I am Weijing Xiao, and my works reside at the intersection of visual arts and technology. I am most known for creating cyborg-themed fashion and theatre/film costume designs with futuristic and dystopian narratives. With backgrounds in fine art, moving images, and immersive technology, I am always intrigued by creating a world through different mediums, situating my fashion practice within a totality of artworks that compose a universe.
You are a fashion designer and a creative technologist with a focus in post-human couture making and fabric research. When did you decide to focus on this post-human approach and what sparked this idea of yours?
For me, the post-human approach is a way to speculate radically different ways of conducting human life and reflect on our own. I gravitated towards this theme three years ago when my eastern and western backgrounds came to a conflicting clash point. As I reevaluated how I saw the world, I started to examine these two distinctive cultural models through simile, metaphor, metonymy, allegory, and personification. These “what-ifs” become safe and staged experiments, which can lend themselves eventually to a utopia/dystopia.
The investigation of the relationship between body, technology, politics and gender through your nature-machine-inspired sculptural silhouettes is quite revolutionary. In what way is this concept applied in your video art “MOTHER” which you exhibited at the “OBLIQUITY” Digital Exhibition Show at The Holy Art Gallery in Athens?

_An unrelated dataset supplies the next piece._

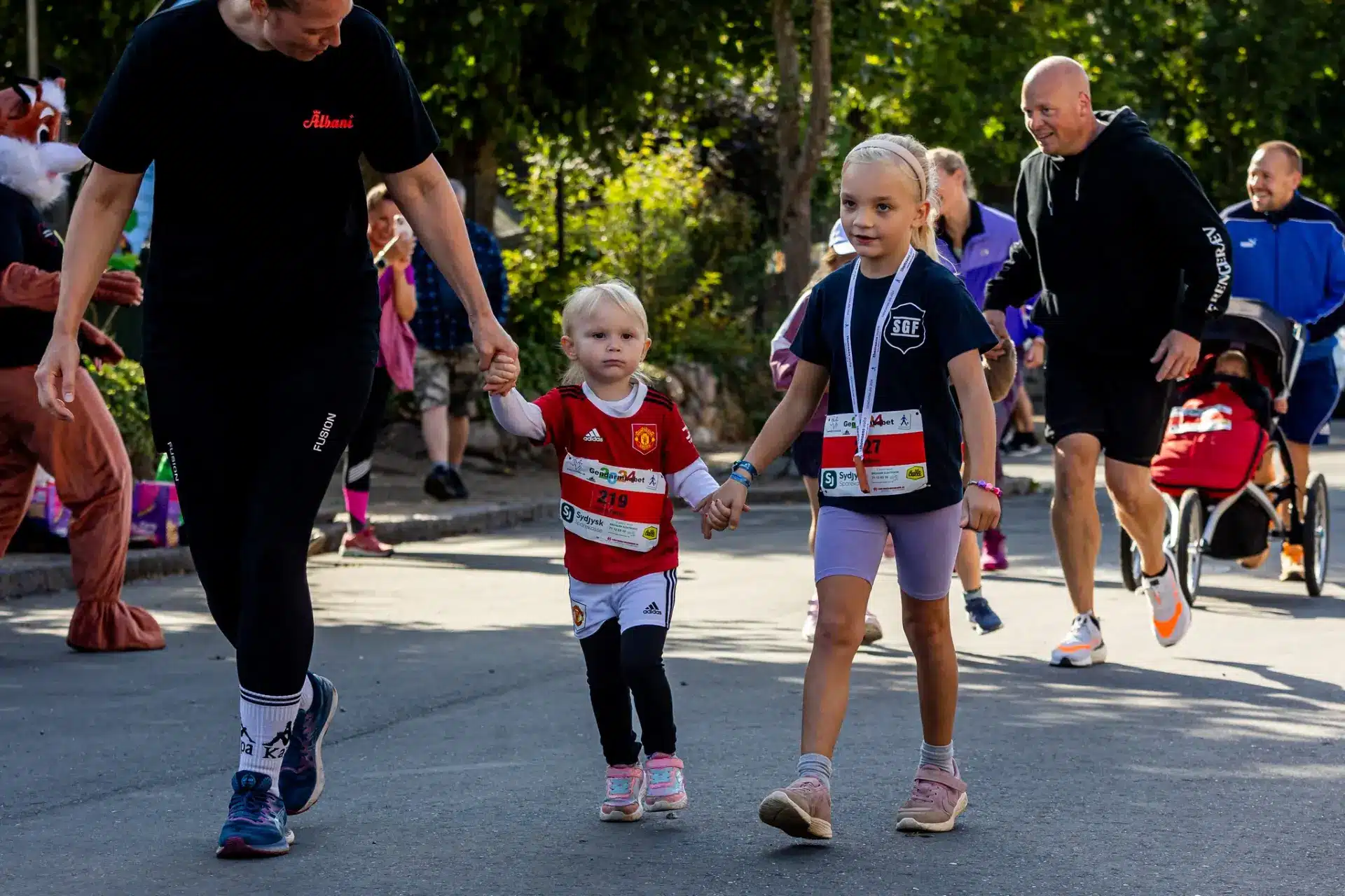 Når vi svinger væk fra den brede grusvej, er der depot, hvor løberne kan drikke lidt friskt vand – ligesom de voksne, når de løber.

The video piece “MOTHER” is a narrative of the story behind the namesake fashion collection. At first, you see the clothing pieces breathing and trembling like animals, operated on by specialists in a monitored room. Soon you are taken downstairs through an invisible elevator, witnessing the vast floating space used to store embryos from bio-experiments. Eventually, you reach the bottom level, where the successful prototypes live in glass displays. There are a lot of details in the complete narrative about who imposes the structure, what the technology in place is, and what the nature-vs-man-made society dynamics are. The overall arch represents this alternative path of obliquity and a particular, constructed condition that facilitates otherworldly lives.
What do you hope that the public takes away from your art?
I hope my works can be technically and conceptually stimulating for the audience. They are rooted in craftsmanship and tradition, infused with speculative twists to subvert the narratives across mediums. This fashion film is the entrance to a broader vision of mine. Even though there is a larger message at work, often political and provocative, I hope the viewers can find that little detail that resonates with them. Maybe it’s a text line, a composition, a gesture, or a color narrative that triggers intimate emotions.
Are there any projects you are currently working on and you would like to speak about?
I’m working on the concept development and costume side of a new AI opera film in collaboration with director George R. Miller, composer Calvin Hitchcock and Edward Saatchi of Culture DAO. The project is in its very early stage, centered around the new age myth-making, political celebrities, and technology’s role in society building. We aim to show a performance workshop at the upcoming Art Basel Miami this year. I’m thrilled to contribute to this original and innovative narrative and utilize my specialty in creating technology-embedded fashion pieces.
Finally, how would you describe your experience working with us and exhibiting in our physical, yet completely digital gallery, in Athens?
It has been a curious and exciting journey to work with the Holy Art Gallery. I have experienced care and collaborative energy during the process. The team is dedicated to perfecting the technical details and has offered great advice to the exhibition setup. I am honored to be selected to show at the Holy Art Gallery Athens, one of the first and best fully digital physical galleries.